Causing turnovers has been the primary goal of Lovie Smith's Cover-2 defense for nine years in Chicago -- a modern miracle of sustainability by contemporary league standards. It's testament to the strength of Smith's signature scheme and its application that the Bears' defense in 2012 doesn't look much different from ones under Smith's direction in the early part of his Bears' tenure. Where there was once Mike Brown returning interceptions for touchdowns, there is now Major Wright. Tommie Harris once fueled the defense to a Super Bowl run by mastering the critical three-technique defensive tackle position, a slot now admirably manned by Henry Melton. Much of the credit for the continuity of course belongs to Brian Urlacher, Lance Briggs and Charles Tillman, a trio of present day franchise icons who have been around since Dick Jauron was the boss. But the point remains: the Bears haven't been doing much different during their 4-1 start this season than they've been doing for the last decade.
Still, something feels fresh this year. Smith's ideals remain the same, but the Bears' execution has never been better. As Lance Briggs scampered into the end zone in the fourth quarter on Sunday to officially place the 'blow out' tag on a 41-3 victory over the lowly Jaguars, the Bears made two kinds of history: a) Briggs and Tillman became the first set of teammates ever to have a pick-six in consecutive games, and b) Chicago became to first NFL team to ever return five interceptions for touchdowns through the first five weeks of the season.
As the Bears continue to lay waste to every opponent, a natural debate has started to take place: is this defense better than the one that fueled the Bears to Super Bowl XLI? It's a worthwhile question to ask, but the Bears' cupcake-infused schedule thus far -- namely: wins over the Colts, Rams and Jags, three teams that could be choosing in the top ten of the 2013 draft -- has me thinking it's best to hold off on such talk for now. If these Bears really are better than they were in 2006, they'll prove it the rest of the way. One thing is already certain, though: when judged against the other dominant defenses of the day, the Bears are unparalleled.
The San Francisco 49ers have been said to be impenetrable; a staunch defense led by J.J. Watt has also powered an undefeated start for the Houston Texans. But according to Football Outsiders, the Bears' D has been best in the league so far and is projected to only get better.
Football Outsiders uses two of their own statistics to gauge success: DVOA and DAVE. DVOA chronicles what's happened so far, DAVE is described as "a formula which combines our preseason projection with current DVOA to get a more accurate forecast of how a team will play the rest of the season."

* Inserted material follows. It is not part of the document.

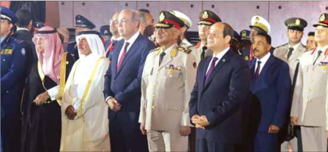
Qatar's Minister of Transport HE Jassim Saif Ahmed al-Sulaiti, Egypt President Abdel Fattah al-Sisi and other dignitaries at the opening ceremony of the inaugural edition of the Egypt International Airshow, yesterday.

HE the Minister of Transport Jassim Saif Ahmed al-Sulaiti has participated in the opening ceremony of the inaugural edition of the Egypt International Airshow (EIAS 2024), which opened at New Alamein City yesterday, under the patronage and in presence of President Abdel Fattah al-Sisi.

I'll defer to Football Outsiders for an explanation of DVOA:
DVOA measures not just yardage, but yardage towards a first down: Five yards on third-and-4 are worth more than five yards on first-and-10 and much more than five yards on third-and-12. Red zone plays are worth more than other plays. Performance is also adjusted for the quality of the opponent. DVOA is a percentage, so a team with a DVOA of 10.0% is 10 percent better than the average team, and a quarterback with a DVOA of -20.0% is 20 percent worse than the average quarterback. Because DVOA measures scoring, defenses are better when they are negative
Makes sense, right? So far, the Bears are essentially blowing away the field.
Football Outsiders' statistics are only updated through Week 4, so Chicago's two-touchdown, three takeaway effort vs. Jacksonville isn't even accounted for yet. Still, you can get good idea of how the Bears stack up: they're first in DVOA at -24.8%. Football Outsiders doesn't see the success as a fluke: the Bears also lead in DAVE at -20.6%.
The defense has remained remarkably healthy through five games, a trend that will have to continue if the Bears are to be this good all season. They don't boast great depth, particularly at linebacker. But what's in stone is that the Bears have been 25% better than your average NFL defense entering the bye. That's significant. Even when Chicago finished No. 1 last season in FO's weighted defense statistic, they were 17% better than average. The stuff the Bears have done this year has been pretty crazy.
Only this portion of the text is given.